Top of Data segment
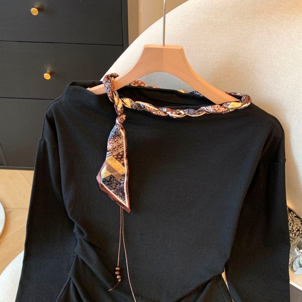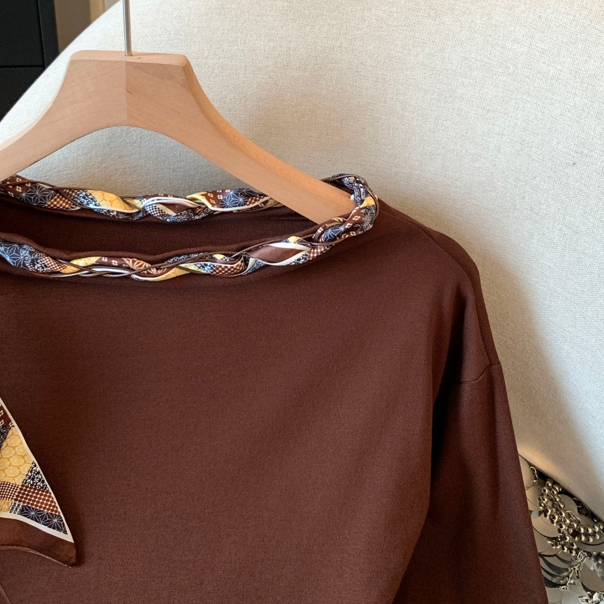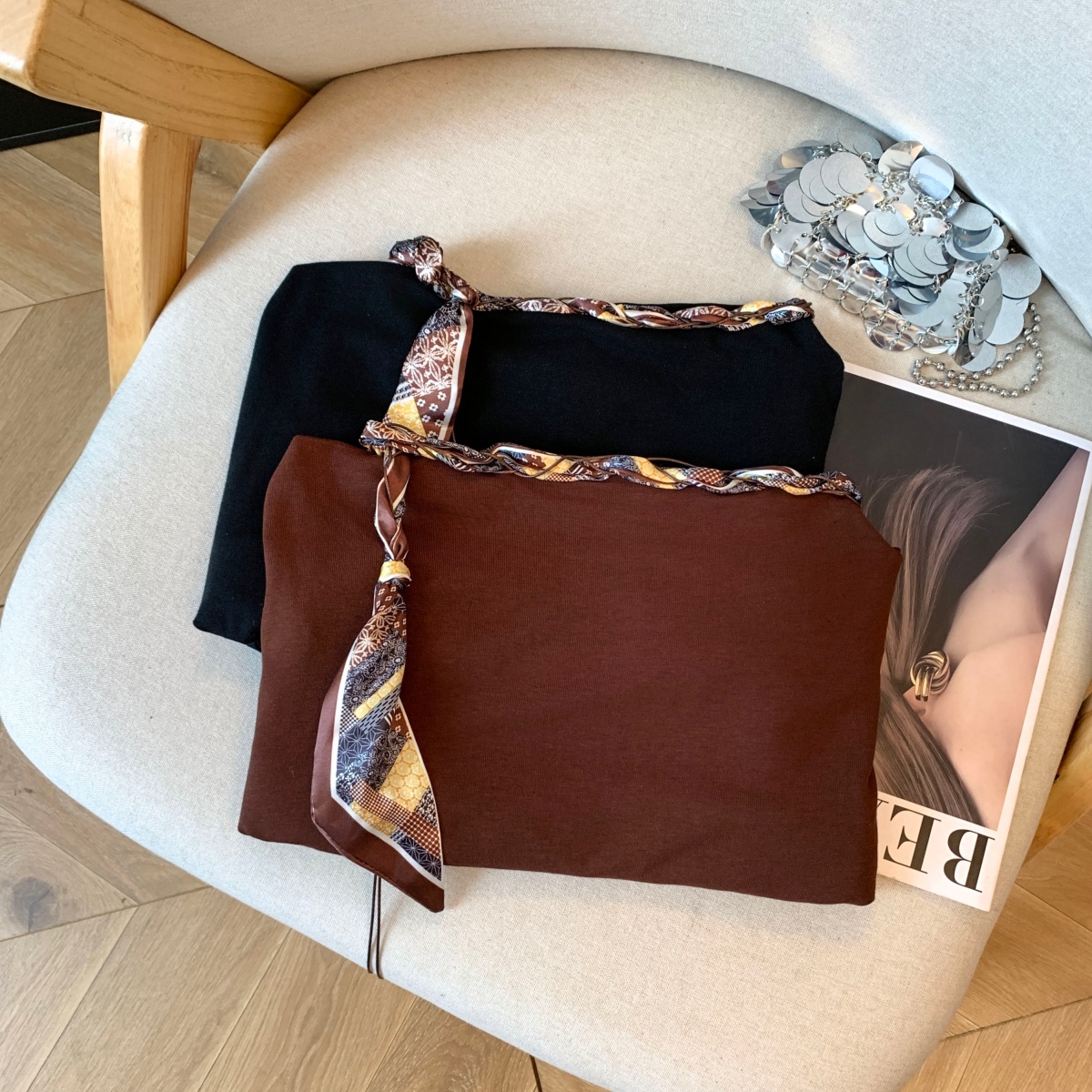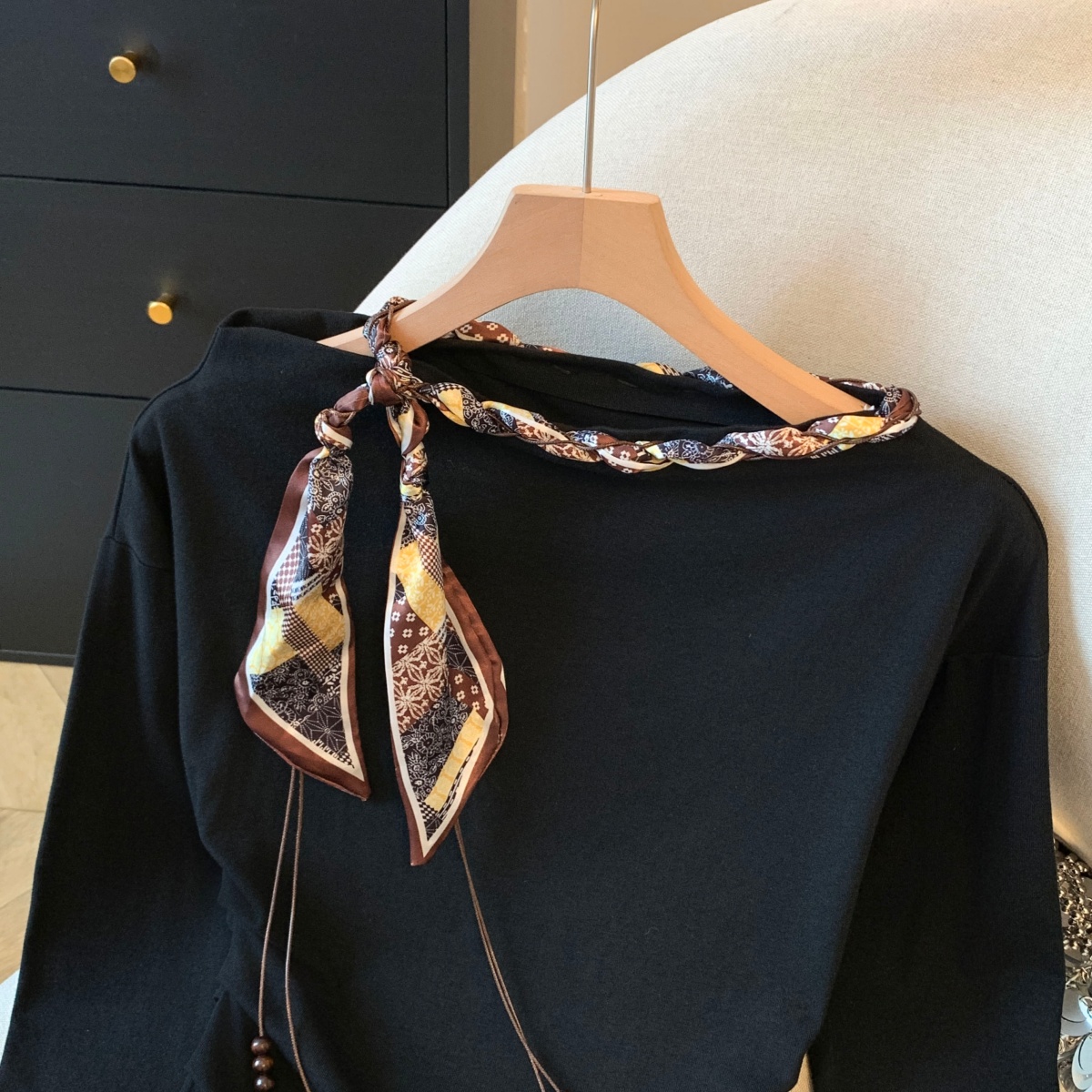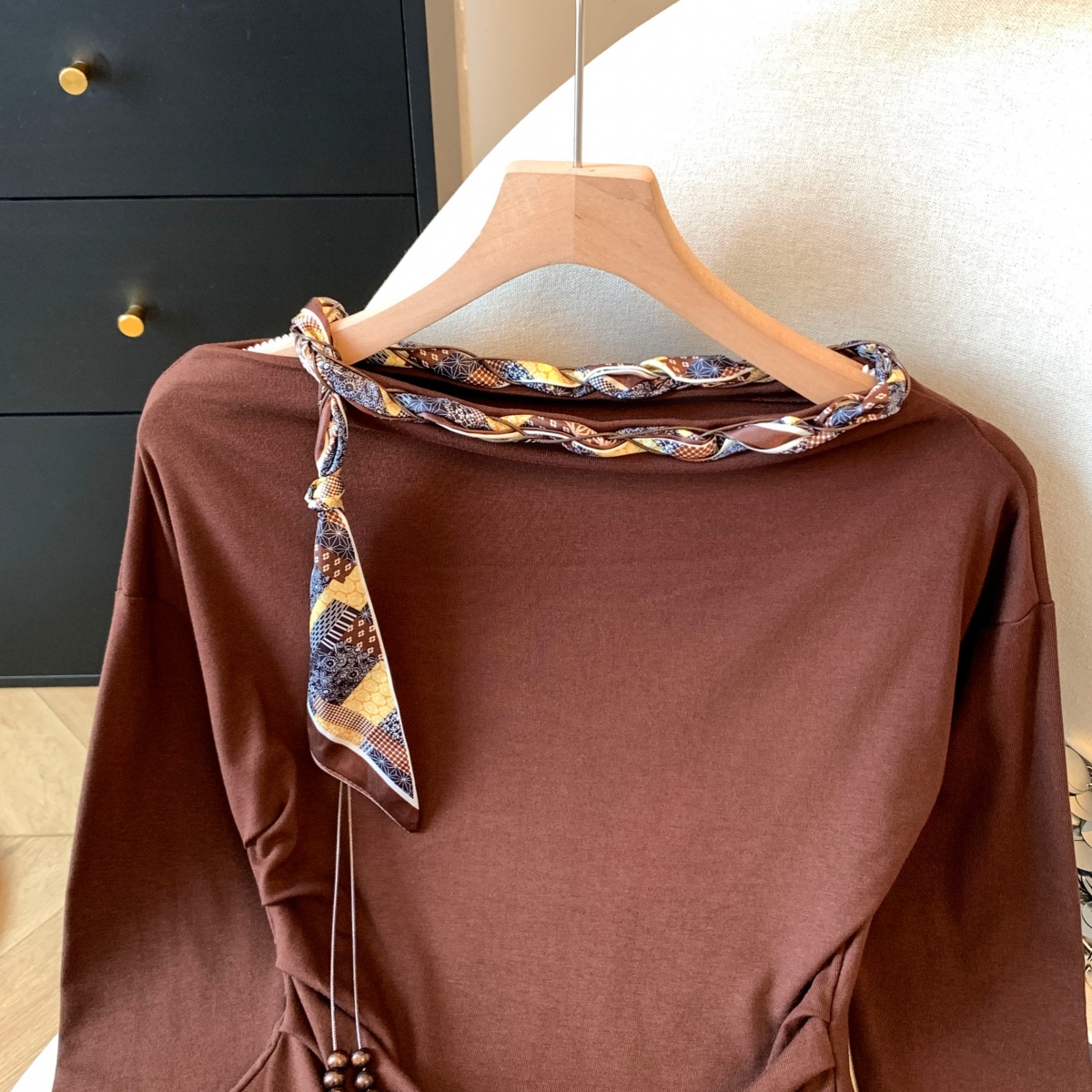 MY14069# 新款修身搭配丝巾设计通勤显瘦百搭一字肩套头针织衫女裝貨源服裝批發
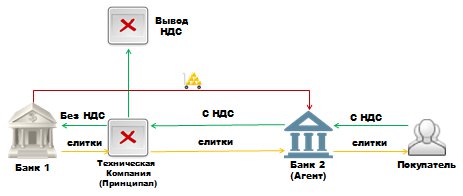 Впоследствии денежные средства, полученные в счет оплаты драгоценного металла, перечисляются Банком Принципалу, который в свою очередь направляет часть полученной суммы на приобретение драгоценного металла по договорам ОМС без уплаты НДС, сумма неуплаченного НДС выводится за рубеж или обналичивания.
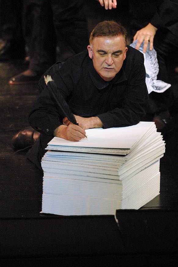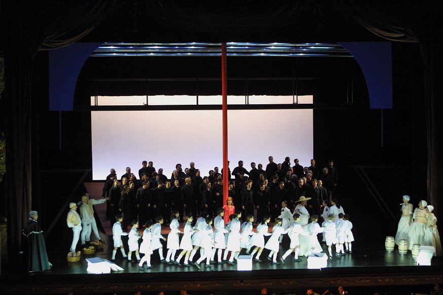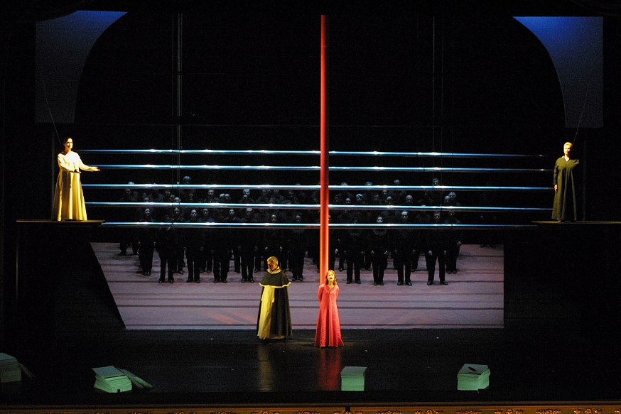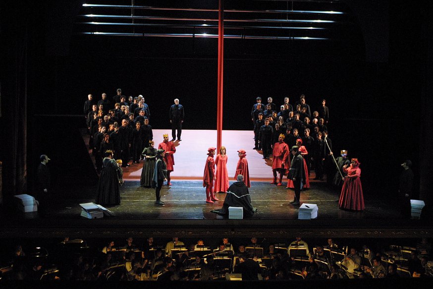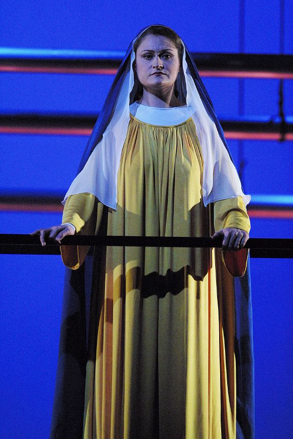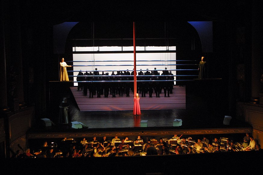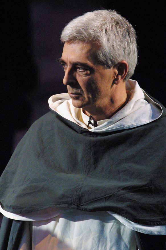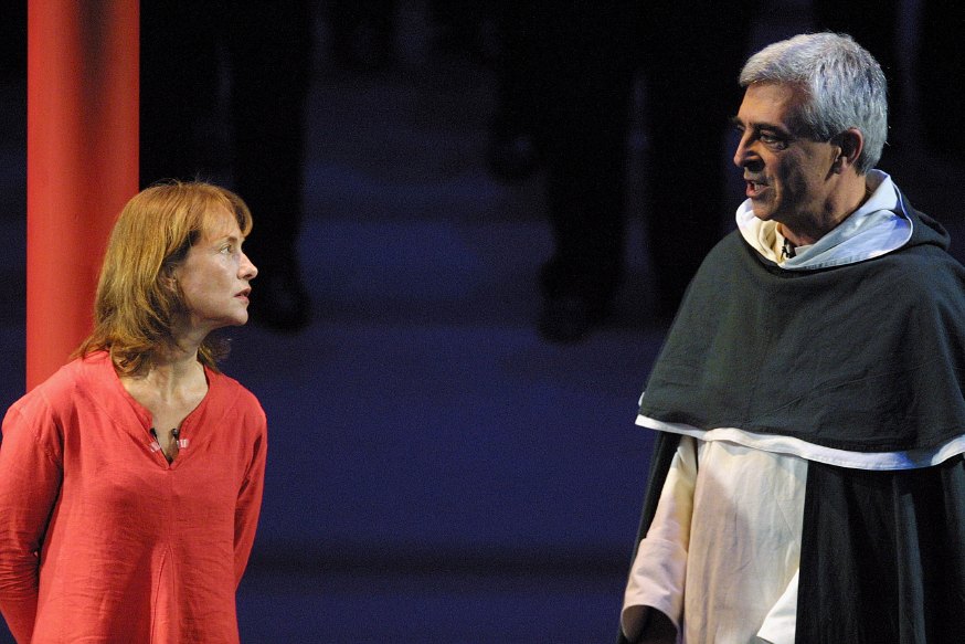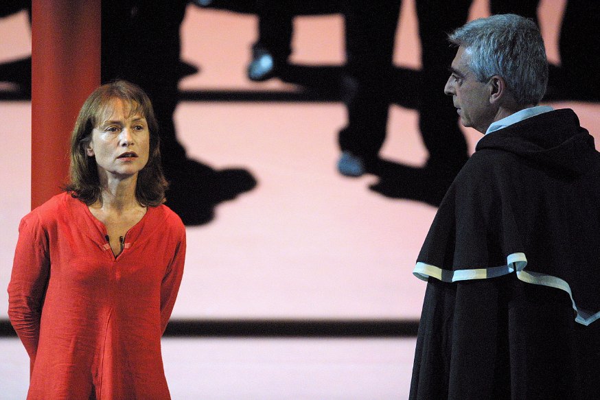 Mas, em meu entender, não é também. Que dizem os sinos? "La cloche noire et la cloche blanche?" Os contrários: «Hérétique, sorcière, cruelle, relapse». Mas também «Jésus Marie» e «Spera, Spira». «Le diable que tu détestais il t'a aidée, les Anges que tu invoquais ils n'ont rien fait.» Para Claudel. como afinal para a nossa fé, é da generosidade, da entrega sem limites ao mais profundamente humano e baixo, da entrega ao sacrífico. ao sagrado fogo que nos queima o corpo, que a alma chega a Deus. É no mal que se chega ao bem. Como neste espectáculo. Da sua ostentatória obscenidade se faz ainda, efectivamente, um moderno auto sacramental. É dessa impureza, dessa espantosa teatralidade, que num palco poderá surgir de facto alguma celebração.
Bottom of Data segment
> _Work task_: With the pictures left out, restate word for word every line of the data above, from the first down to the line that contains "Впоследствии денежные средства, полученные".

> _Task response_:
 MY14069# 新款修身搭配丝巾设计通勤显瘦百搭一字肩套头针织衫女裝貨源服裝批發
 Впоследствии денежные средства, полученные в счет оплаты драгоценного металла, перечисляются Банком Принципалу, который в свою очередь направляет часть полученной суммы на приобретение драгоценного металла по договорам ОМС без уплаты НДС, сумма неуплаченного НДС выводится за рубеж или обналичивания.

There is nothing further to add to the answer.